綿を考える:綿のような天然繊維及びそれらを栽培する農家もまた影響を受ける。パイプライン中のひとつの製品は綿と同じ繊維をナノスケールで操作した合成繊維であり、綿よりはるかに強い。世界中で綿の生産に従事する1億の家族にとってナノテク繊維が意味することは何であろうか? 2003年の世界の綿生産は240億ドル(約2兆5,000億円)に達し、アフリカ53か国のうち35か国が綿を生産しており、22か国が輸出している。

間違った波長? 本来ならナノテクは貧者に有用な利益をもたらすはずのものである。また、いくつかの従来の物質を新たな物質に置き換えることで環境的利点もあるはずである。しかし、科学の私物化と空前の企業の寡占が広まっている世界では、民主主義と人権は蝕まれ、国家の主権は損なわれている。ナノスケール製品とプロセスに関する特許の占有は、自然界全体の構成要素である基本要素に関する巨大な独占を意味する。もし、現在の傾向が続くなら、ナノスケール技術は多国籍企業の手の中で経済力をさらに濃縮するであろう。貧者は自分達の外側にある技術からどのようにして便益を得るのであろうか?


誰が関与しているのか?

 2004年の世界のナノ技術への投資は、民間及び公共を含めて、86億ドル(約9,500億円)と見積もられている。実際、全てのフォーチュン500企業は、それ以外の数百の新参小企業とともに、ナノテク研究と開発に投資している。欧州、日本、及びアメリカは政府投資のほとんどを占めているが、日本の投資が他の二つの主要なプレーヤーより少し抜きん出ている。アメリカでは、政府がナノテクに費やすレベルは現在、年間10億ドル(約1,1000億円)に達し、アポロ宇宙船打ち上げ以来最大の公共投資科学事業となっている(4)。(2004年、米国防省はナノテク用に莫大な米政府資金を受けている。) 少なくとも35か国が何らかの国家ナノテク研究プログラムを持っている。ある産業アナリストによれば、北京地域ではナノテクのために働いている科学者の数は西ヨーロッパの全てのナノ科学者の数より多いが、そのコストは20分の1である。
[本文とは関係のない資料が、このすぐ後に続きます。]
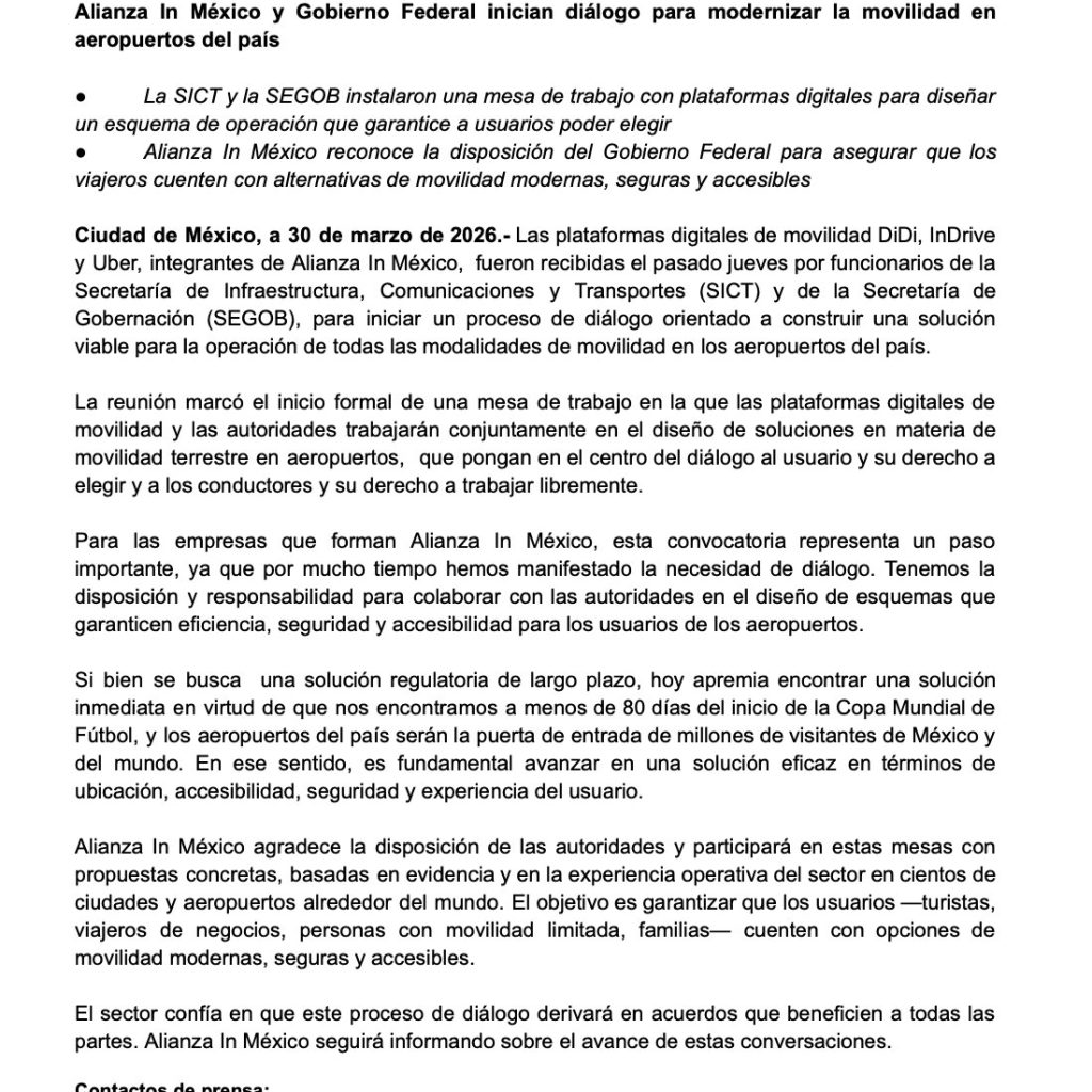 La Secretaría de Infraestructura, Comunicaciones y Transportes (SICT) y la Secretaría de Gobernación (SEGOB) instalaron formalmente una mesa de trabajo con las plataformas digitales de movilidad DiDi, inDrive y Uber, agrupadas en Alianza In México. El objetivo de este diálogo es diseñar un esquema de operación que modernice el transporte terrestre en los aeropuertos del país, permitiendo la coexistencia de todas las modalidades de movilidad.

 ”一方に蓄積する新たな富は、他方で広がる貧困との釣り合いをしばしば凌ぐ。金持ちは益々富を得て尊大になり、貧者は何も手落ちはないのに益々貧しくなる。”(ケンブリッジ大学客員上席研究員カルロタ・ペレス、技術革命に関しての記述)


誰が支配しているのか?

 科学者らが遺伝子技術を通じていかに生命を操作するかを解決するとすぐに、企業はいかにそれを独占するかを見出す。危険な前例は、1960年代、ノーベル賞受賞科学者が化学元素アメリシウム(周期律表の元素番号95)を”見つけ”、アメリカで特許#3,156,523を取得した時にさかのぼる。アメリカだけでも、ナノスケール製品とプロセスにに与えられる年間特許数数は1996以来、3倍に達している(5)。現在のナノテクの特許占有はバイオテクの初期をしのばせる。”それはステロイドに関するバイオテクのようだ”−ある特許弁護士の言葉である(6)。電子、エネルギー、鉱業、国防、新素材、医薬、農業にいたる全ての産業分野に広がっているナノスケール構成要素とツールの管理が危うい。ウォールストリート・ジャーナルが述べているように、”先駆的特許を保有している会社は潜在的に産業全体の値をあげることができる。(7)”

 ”自然の形の元素を見つけても誰も特許を取ることはできないが、もし、産業用に純粋にした形、例えばネオン、をつくり出せば、特許を間違いなくとることができる。”(バイオテクノロジー産業機構政府関係及び知的所有権担当ディレクター、ライラ・フェイシー)(8)

 ”請求した特許は元素95だよ。” 1964年11月10日に発行されたグレン・シーボルグのアメリカ特許3,156,523は特許取得最短記録である。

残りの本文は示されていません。